2. Spicy Mushroom & Broccoli Noodles
- 1 low-sodium vegetable stock cube
- 2 nests of medium egg noodles
- 3 cups broccoli florets
- 1 tbsp sesame oil (plus extra for serving)
- 2 cups shiitake or chestnut mushrooms, thickly sliced
- 1 large garlic clove, finely chopped
- ½ tsp chili flakes
- 4 green onions, thinly sliced
- 1 tbsp hoisin sauce
- A handful of roasted cashew nuts
- Place the stock cube into a pan of water and bring to a boil before adding noodles and cooking for 2 minutes.
- Add the broccoli florets to the noodles and cook for an additional 2 minutes.
- Drain the noodles and broccoli, reserving 1 cup of stock for later.
- Heat a wok over medium heat, adding the sesame oil and mushrooms.
- Stir-fry for 2 minutes until the mushrooms turn golden.
- Add the garlic, chili flakes, and most of the green onions. Cook for 1 minute.
- Add the noodles and broccoli and stir to combine.

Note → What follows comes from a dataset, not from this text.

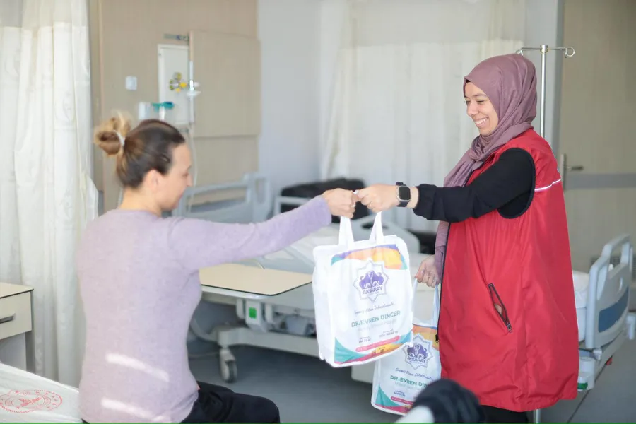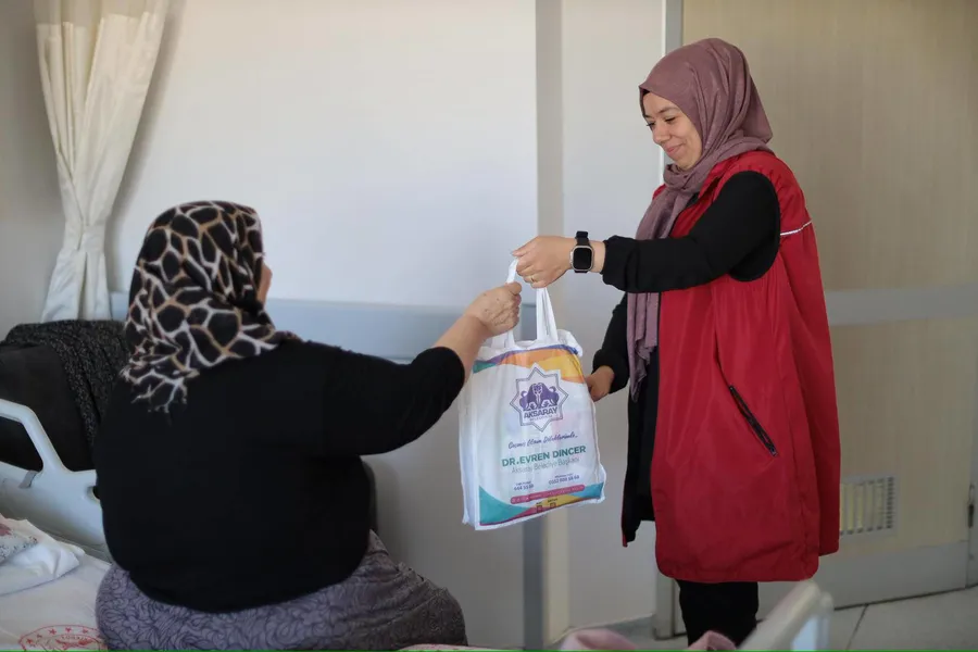 Aksaray EAH'da tedavi gören vatandaşlarımızı ziyaret ederek geçmiş olsun dileklerimizi iletiyor, Hasta Bakım Setlerimizi hediye ediyoruz.

- Add 3 tbsp of the reserved stock and the hoisin sauce, then toss to thoroughly coat the other ingredients.
- Cook, frequently stirring, for 1 minute, then serve with a sprinkling of cashew nuts, the remaining green onions, and a dash of extra sesame oil.
3. Sweet Ginger Tofu & Pak Choi
- 1 cup fresh firm tofu, drained and pressed
- 2 tbsp groundnut oil
- 1cm piece of fresh ginger, thinly sliced
- 2 cups pak choi, leaves separated
- 1 tbsp Shaohsing rice wine
- 1 tbsp rice vinegar
- ½ tsp dried chili flakes
- Pinch salt and pepper to taste
- Cooked Jasmine rice to serve
- For the Marinade
- 1 tbsp ginger, grated
- 1 tsp dark soy sauce
- 2 tbsp light soy sauce
- 1 tbsp brown sugar
- After pressing all the liquid out of your tofu, lightly prick a few holes with a toothpick and cut them into bite-sized cubes.
- Combine all marinade ingredients and coat the tofu thoroughly, setting aside for 10-15 minutes.
- In the meantime, heat a wok over high heat and add 1 tbsp groundnut oil.
- Once the wok starts smoking, add ginger slices and stir-fry for a few seconds before adding the pak choi leaves.
- Stir-fry for 1-2 minutes, then add a splash of water to create a little steam.
- Cook for an additional 2 minutes until the pok Choi leaves are wilted and season with salt and pepper.
- Transfer leaves to a serving dish and add the remaining oil to the wok.
- Once the oil is smoking again, add the tofu pieces and stir-fry for 5-10 minutes, saving the marinade liquid.
- Add rice wine and vinegar to the tofu, slowly incorporate the marinade liquid, and toss to combine.
- Allow the liquids to bubble and reduce before sprinkling over chili flakes.
- Toss well to combine, then spoon over the pak choi and serve with Jasmine rice.